Min_samples_split: The minimum number of samples required to split an internal node
Min_samples_leaf: The minimum number of samples required to be at a leaf node.
Max_features: The number of features to consider when looking for the best split
What do we call it when we reduce the number of splits a decision tree makes?
Pruning
In terms of the bias/variance tradeoff - what is the difference between bagging and boosting?
Bagging aims to reduce variance
Boosting aims to reduce bias (and can reduce variance a bit as well)!
In this movie, the presidencies of Kennedy and Johnson, the events of Vietnam, Watergate and other historical events unfold through the perspective of an Alabama man (played by Tom Hanks) with an IQ of 75, whose only desire is to be reunited with his childhood sweetheart.
It is also a CART model that learned on bootstrapped data, and at each split in the learning process, a random subset of the features.
Random Forrest Gump
(Forrest Gump + Random Forest)
What is the kernel trick and why would we want to use it?
Is applying a function to our data to increase dimensionality - that is, bend the axes that our model is fit on. We would want to use this to create linear separability between data that cannot be separated by a straight line.
Describe the difference between an estimator and a transformer and give an example of each
An estimator is a model - this is something that can generate predictions. (pick any model we've learned so far)
A transformer is something that transforms our data (Standard Scaler, CountVectorizer, TfidfVectorizer, Polynomial Features, etc)
Explain, in basic terms, what AdaBoost does
The core principle of AdaBoost is to fit a sequence of weak learners on repeatedly modified versions of the data.
After each fit, the importance weights on each observation need to be updated.
The predictions are then combined through a weighted majority vote to produce the final prediction.
Name 2 pros and 2 cons of boosting
1. Achieves higher performance than bagging when the hyperparameters are properly tuned
2. Works equally well for classification and regression
3. Can use robust loss functions that make the model resistance to outliers
4. Difficult and time consuming to tune hyperparameters
5.Cannot be parallelized
6. Higher risk of overfitting compared to bagging
In this movie, a World War II American Army Medic who served during the Battle of Okinawa, refuses to kill people, and becomes the first man in American history to receive the Medal of Honor without firing a shot.

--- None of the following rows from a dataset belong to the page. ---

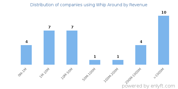 Of all the customers that are using Whip Around, 45% are small (<$50M), 0% are medium-sized and 36% are large (>$1000M).
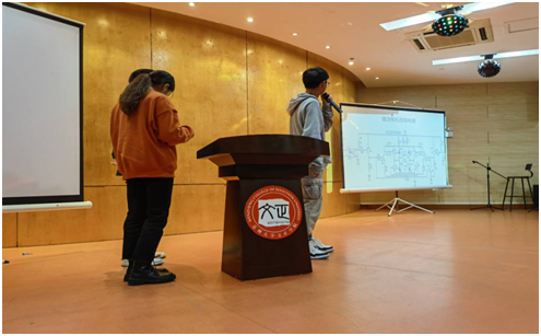 选手经过初赛、复赛的层层选拔,共有21名选手进入决赛,每3人一组共计7组。决赛当晚,每组派出1名同学围绕基础理论、设计思路、实际困难等方面进行3分钟的答辩陈述。每组答辩陈述完毕,全体组员接受评委提问。经过激烈角逐,18电子叶洁、19电气张程浩和20机电严成玉三位同学获得一等奖。
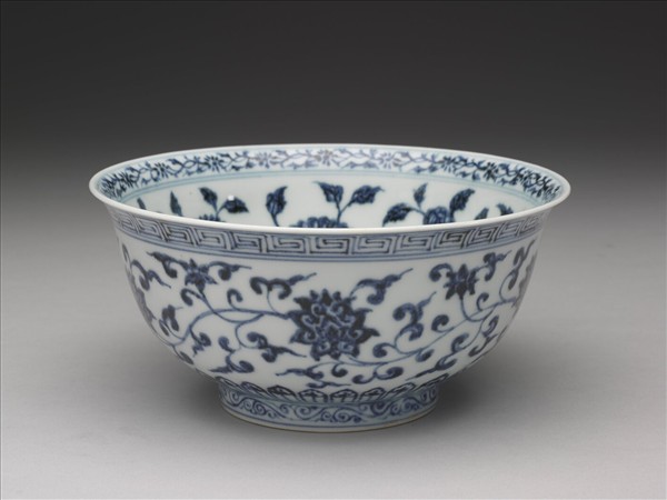 侈口窄唇,深壁,矮圈足。薄胎白泑。口唇上畫轉枝小菊花一週,內壁畫纏枝牡丹、菊花等五朵,碗心畫番蓮一枝。外面口緣下畫回紋,週壁畫纏枝番蓮五朵,底邊畫蓮瓣紋,足圈畫勾雲紋。內外花紋間加飾青線十道。
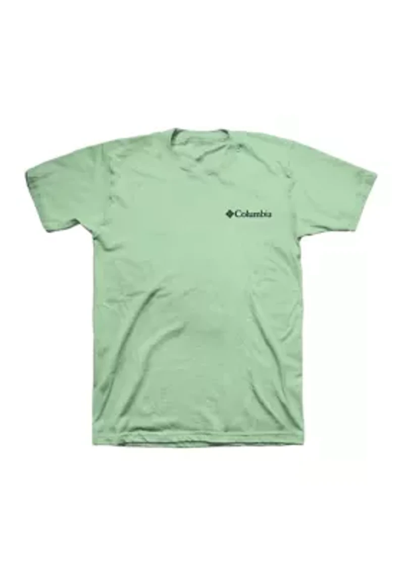 This classic, versatile Columbia shirt features a graphic print for all-day comfort and wearability. Pullover Crew neck, band collar Short sleeves Imported Material & Care 100% cotton Machine washable

It is also a regularization type...
Hacksaw Ridge Regularization
(Hacksaw Ridge + Ridge Regularization)
What is C and what effect does it have in SVMs?

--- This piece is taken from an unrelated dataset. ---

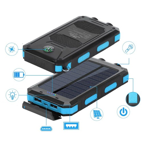 - Zasilany energią słoneczną: ten power bank z panelem słonecznym, który może stale ładować urządzenia przy silnym świetle.

C is how much we regularize the boundary that is fit between classes.
If C is small: We regularize substantially, leading to a less perfect classification of our training data.
If C is large: We do not regularize much, leading to a more perfect classification of our training data.

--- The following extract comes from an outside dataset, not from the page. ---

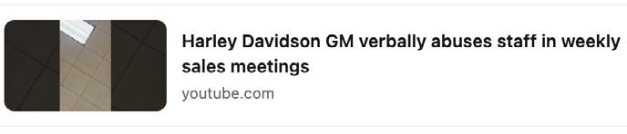 Although the video was quickly pulled from YouTube, dozens of dealers shared it with Dealernews. If you missed it, the video — with altered voices to protect privacy — is still being shared behind the scenes, shows a man identified in the title as a “Harley-Davidson GM” berating a staff member in a sales meeting for not posting photos of a sale on social media, using profanity, threats to “let you go” and statements like “I’ll eat you up and spit you out.”

Name one pro and one con of using decision trees:
Not influenced by scale
They don’t care about the distribution of the data
Reasonably interpretable
Don’t require special encoding
High variance models - tend to overfit
Explain what Gradient Boost does
Fits a weak learner (by default a decision tree with max depth of 1), finds the residuals, fits a second model to the residuals (or misclassifications). Aggregate the first and second model together. Gradient boosting is about fitting subsequent model to the residuals/misclassifications of the last model.
Briefly describe the difference between an ExtraTrees Classifier and a RandomForest Classifier
An ExtraTrees classifier, by default in Sklearn does not bootstrap the data. Instead, each model sees the same data, however the a random subset of features is chosen for each tree and the split is randomized - it is not greedy (does not necessarily choose the best split for reducing gini impurity).
This is the name of a movie in which young F.B.I. cadet must receive the help of an incarcerated and manipulative cannibal killer to help catch another serial killer, a madman who skins his victims. It is also the term for an anonymous function.
Silence of the Lambda Functions
(Silence of the Lambs + Lambda Functions)
What do we need to do to our data before using an SVM?
SCALE
What is the hyperparameter ccp_alpha?
A complexity parameter similar to in regularization. As ccp_alpha increases, we regularize more.